SOURCE MATERIAL:

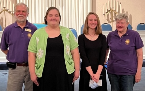 New Kent Lions Club have announced the winners of their Lions of Virginia Bland Music Scholarship that took place on Feb. 18 at Providence Forge Presbyterian Church. Vocalist Naomi Torres (second from left) and flautist Olivia Carey (second from right) will participate at the district level for an opportunity to win a $3,000 scholarship. Pictured with the students are New Kent Lions Club President Keith Fuhrmeister (far left) and secretary Mary MacDonald (far right).
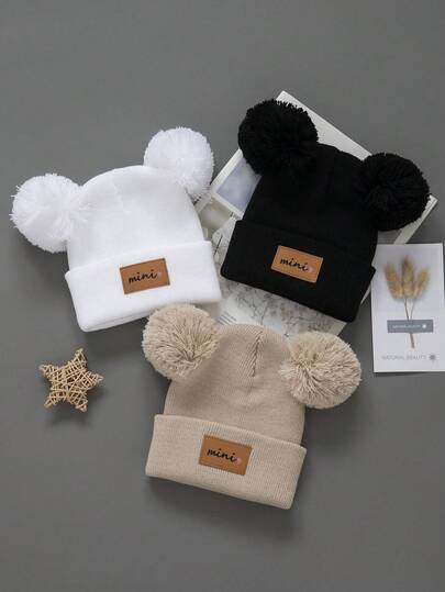 1/2/3件双绒球婴儿针织帽纯色羊毛钩针帽毛绒球儿童套头帽冬季保暖儿童无檐帽 - 彩色 - 查看 3
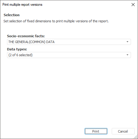 Batch print is printing of multiple report versions. Report versions are generated according to the selection of fixed dimensions.

EXERCISE GOAL:
Drop the pictures and copy the data exactly.

RESPONSE AREA:
 New Kent Lions Club have announced the winners of their Lions of Virginia Bland Music Scholarship that took place on Feb. 18 at Providence Forge Presbyterian Church. Vocalist Naomi Torres (second from left) and flautist Olivia Carey (second from right) will participate at the district level for an opportunity to win a $3,000 scholarship. Pictured with the students are New Kent Lions Club President Keith Fuhrmeister (far left) and secretary Mary MacDonald (far right).
 1/2/3件双绒球婴儿针织帽纯色羊毛钩针帽毛绒球儿童套头帽冬季保暖儿童无檐帽 - 彩色 - 查看 3
 Batch print is printing of multiple report versions. Report versions are generated according to the selection of fixed dimensions.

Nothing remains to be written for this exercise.